1. check the duplicates situation (key columns vs all columns) and raise errors if need be
2. remove duplicates before generating documents
3. Do some tasks column-wise over all the data, rather than while iterating over rows

If I did the generator approach (load files 1 by 1, 1 row at a time), I'd have to modify how I do things:
1. Don't do this check/raise errors.

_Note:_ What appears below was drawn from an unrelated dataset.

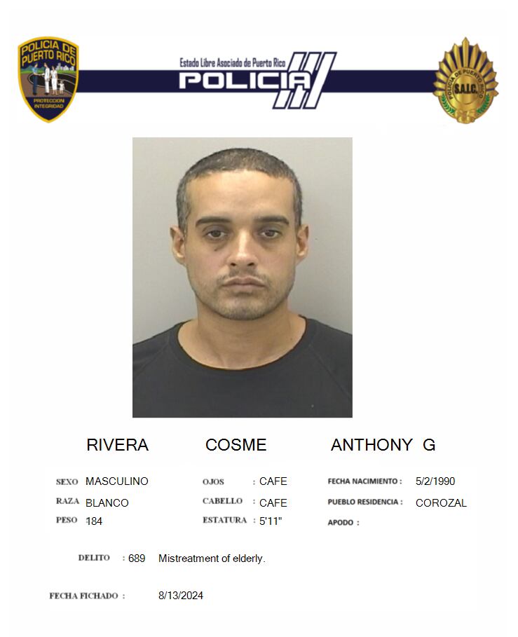 Rivera Cosme fue puesto bajo arresto en horas de la mañana de hoy por agentes de Arrestos Especiales de Bayamón, siendo llevado ante la juez Imarie Cintrón quien diligencio la orden, siendo ingresado en la Cárcel Correccional de Bayamón, tras no prestar la fianza impuesta.

But try to mitigate potential "duplicate" issues: 
  * Sort all delimited strings
  * Use a hash of all column values (when they're all strings) for `_id`. Want rows with all the same values to produce the same hash
2. Either leave to BioThings toolset to remove duplicates, or could use a set of `_id` hashes so far to check/not create duplicate docs.
3. Do the tasks on single rows/chunks (pandas [read_csv](https://pandas.pydata.org/docs/reference/api/pandas.read_csv.html#pandas.read_csv) has an iterator for rows/chunks! see iterator/chunksize parameters)


Notes:
* There are a few existing parsers that use `pandas` to load the entire raw data file at once: https://github.com/search?q=repo%3Abiothings%2Fpending.api%20pandas&type=code
* But there are other existing parsers that use `csv` to load the file **one row at a time** (generator): https://github.com/search?q=repo%3Abiothings%2Fpending.api+csv+reader&type=code

In [2]:
## put into parser: import statements
import pathlib
import pandas as pd
import glob


## unsure on putting into parser: more for notebook viewing/debugging...
pd.options.display.max_columns = None

In [3]:
## notebook code chunk

base_file_path = pathlib.Path.home().joinpath('Desktop', 'EBIgene2pheno_files', 'From_FTP')

## using list works to check if paths were actually found or not
list(base_file_path.glob("*.csv.gz"))
all_file_paths = list(base_file_path.glob("*.csv.gz"))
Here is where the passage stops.